### DATASET CONTENT
"""

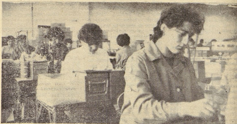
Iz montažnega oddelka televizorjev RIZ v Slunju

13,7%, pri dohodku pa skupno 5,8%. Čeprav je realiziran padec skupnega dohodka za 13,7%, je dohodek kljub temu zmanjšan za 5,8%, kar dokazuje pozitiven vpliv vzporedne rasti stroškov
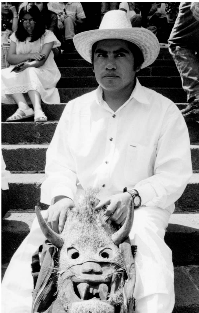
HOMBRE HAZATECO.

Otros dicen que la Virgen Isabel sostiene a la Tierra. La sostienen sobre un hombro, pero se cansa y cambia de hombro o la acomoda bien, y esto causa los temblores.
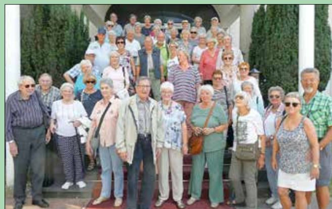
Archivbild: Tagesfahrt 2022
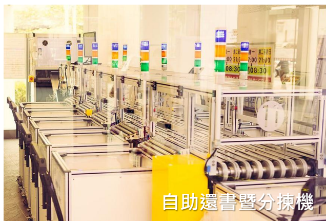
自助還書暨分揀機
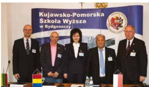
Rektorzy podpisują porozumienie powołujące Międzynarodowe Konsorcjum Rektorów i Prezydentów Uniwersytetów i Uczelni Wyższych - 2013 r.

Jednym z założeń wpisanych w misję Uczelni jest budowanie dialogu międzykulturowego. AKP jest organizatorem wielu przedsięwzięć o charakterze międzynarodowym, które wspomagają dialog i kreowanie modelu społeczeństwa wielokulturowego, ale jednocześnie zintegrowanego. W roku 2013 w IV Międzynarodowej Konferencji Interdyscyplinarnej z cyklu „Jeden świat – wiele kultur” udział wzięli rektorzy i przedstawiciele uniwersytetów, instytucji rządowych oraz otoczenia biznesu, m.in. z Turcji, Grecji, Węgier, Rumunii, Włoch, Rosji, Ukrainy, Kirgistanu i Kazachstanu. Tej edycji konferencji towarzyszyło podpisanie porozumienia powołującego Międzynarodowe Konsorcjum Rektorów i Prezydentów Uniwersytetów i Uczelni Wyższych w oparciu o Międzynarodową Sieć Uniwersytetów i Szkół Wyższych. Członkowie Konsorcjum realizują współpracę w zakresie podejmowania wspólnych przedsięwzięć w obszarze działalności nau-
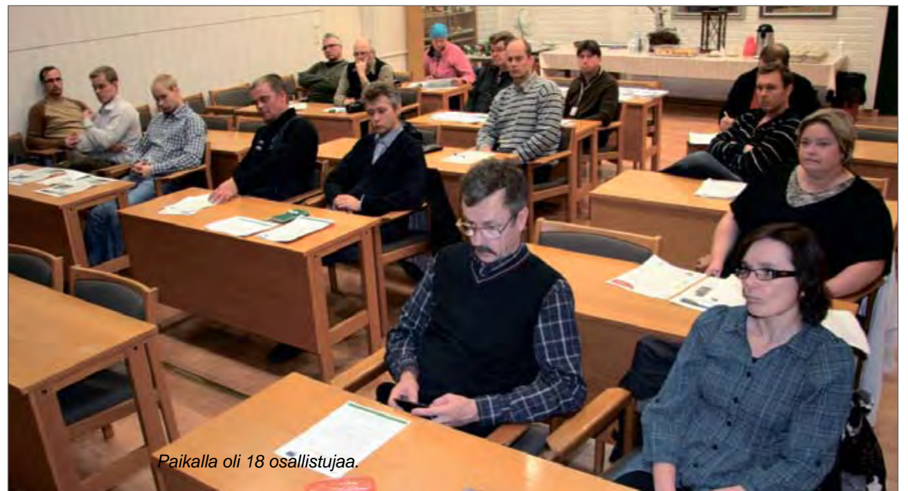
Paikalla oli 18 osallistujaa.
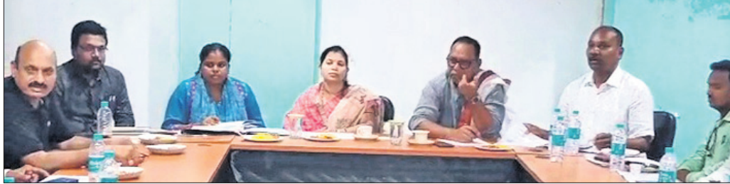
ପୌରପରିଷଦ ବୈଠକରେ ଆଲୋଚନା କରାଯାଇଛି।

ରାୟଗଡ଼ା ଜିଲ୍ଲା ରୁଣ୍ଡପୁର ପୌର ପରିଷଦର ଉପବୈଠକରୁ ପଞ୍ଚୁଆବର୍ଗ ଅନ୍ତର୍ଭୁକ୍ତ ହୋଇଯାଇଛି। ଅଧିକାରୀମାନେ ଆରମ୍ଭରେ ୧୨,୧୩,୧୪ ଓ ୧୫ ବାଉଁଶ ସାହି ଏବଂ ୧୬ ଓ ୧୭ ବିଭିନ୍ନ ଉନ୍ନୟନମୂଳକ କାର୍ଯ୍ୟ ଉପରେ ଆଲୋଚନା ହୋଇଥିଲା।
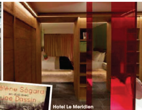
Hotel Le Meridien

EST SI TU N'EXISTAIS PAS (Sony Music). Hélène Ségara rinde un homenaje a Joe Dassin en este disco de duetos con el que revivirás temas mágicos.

"""
"""

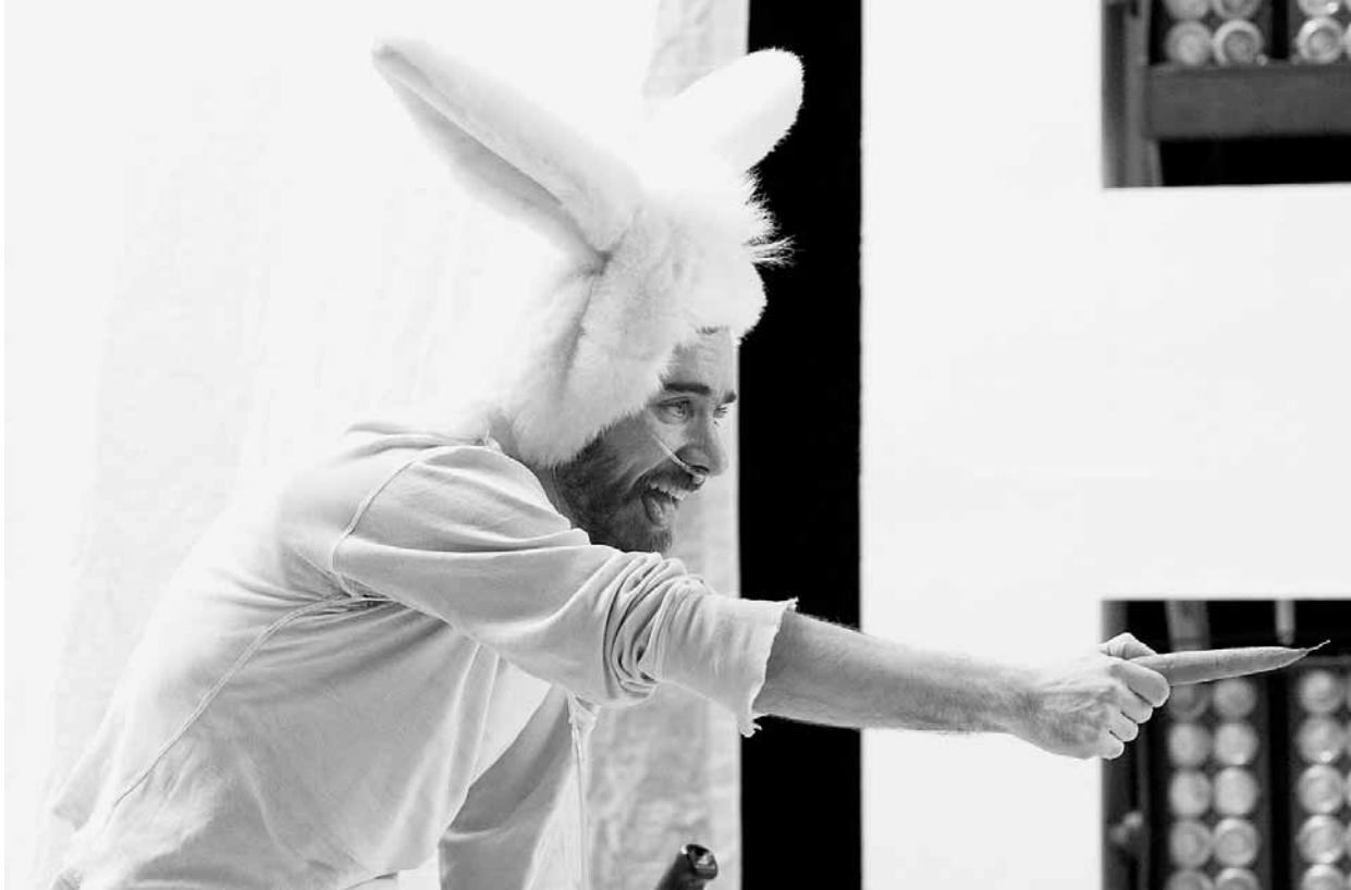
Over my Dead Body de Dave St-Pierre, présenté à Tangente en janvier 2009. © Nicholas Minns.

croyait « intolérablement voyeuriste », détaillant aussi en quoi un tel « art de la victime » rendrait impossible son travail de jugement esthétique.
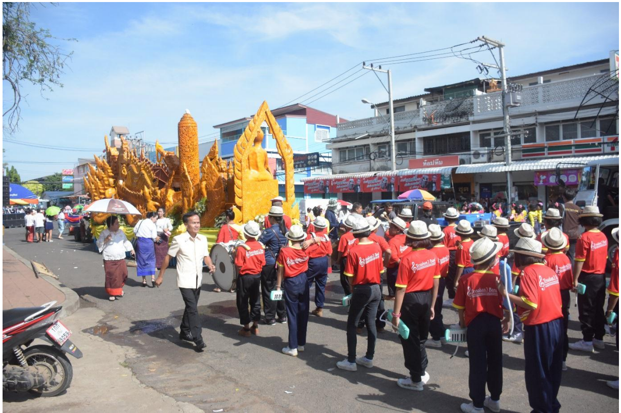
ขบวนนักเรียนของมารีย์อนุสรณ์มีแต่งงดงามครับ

"""

### PROMPT
Beginning at the line above that contains "Otros dicen que" and going on through the line that contains "Hotel Le Meridien", please copy every line exactly, leaving the pictures out and adding nothing.

### WRITTEN REPLY
Otros dicen que la Virgen Isabel sostiene a la Tierra. La sostienen sobre un hombro, pero se cansa y cambia de hombro o la acomoda bien, y esto causa los temblores.
Archivbild: Tagesfahrt 2022
自助還書暨分揀機
Rektorzy podpisują porozumienie powołujące Międzynarodowe Konsorcjum Rektorów i Prezydentów Uniwersytetów i Uczelni Wyższych - 2013 r.

Jednym z założeń wpisanych w misję Uczelni jest budowanie dialogu międzykulturowego. AKP jest organizatorem wielu przedsięwzięć o charakterze międzynarodowym, które wspomagają dialog i kreowanie modelu społeczeństwa wielokulturowego, ale jednocześnie zintegrowanego. W roku 2013 w IV Międzynarodowej Konferencji Interdyscyplinarnej z cyklu „Jeden świat – wiele kultur” udział wzięli rektorzy i przedstawiciele uniwersytetów, instytucji rządowych oraz otoczenia biznesu, m.in. z Turcji, Grecji, Węgier, Rumunii, Włoch, Rosji, Ukrainy, Kirgistanu i Kazachstanu. Tej edycji konferencji towarzyszyło podpisanie porozumienia powołującego Międzynarodowe Konsorcjum Rektorów i Prezydentów Uniwersytetów i Uczelni Wyższych w oparciu o Międzynarodową Sieć Uniwersytetów i Szkół Wyższych. Członkowie Konsorcjum realizują współpracę w zakresie podejmowania wspólnych przedsięwzięć w obszarze działalności nau-
Paikalla oli 18 osallistujaa.
ପୌରପରିଷଦ ବୈଠକରେ ଆଲୋଚନା କରାଯାଇଛି।

ରାୟଗଡ଼ା ଜିଲ୍ଲା ରୁଣ୍ଡପୁର ପୌର ପରିଷଦର ଉପବୈଠକରୁ ପଞ୍ଚୁଆବର୍ଗ ଅନ୍ତର୍ଭୁକ୍ତ ହୋଇଯାଇଛି। ଅଧିକାରୀମାନେ ଆରମ୍ଭରେ ୧୨,୧୩,୧୪ ଓ ୧୫ ବାଉଁଶ ସାହି ଏବଂ ୧୬ ଓ ୧୭ ବିଭିନ୍ନ ଉନ୍ନୟନମୂଳକ କାର୍ଯ୍ୟ ଉପରେ ଆଲୋଚନା ହୋଇଥିଲା।
Hotel Le Meridien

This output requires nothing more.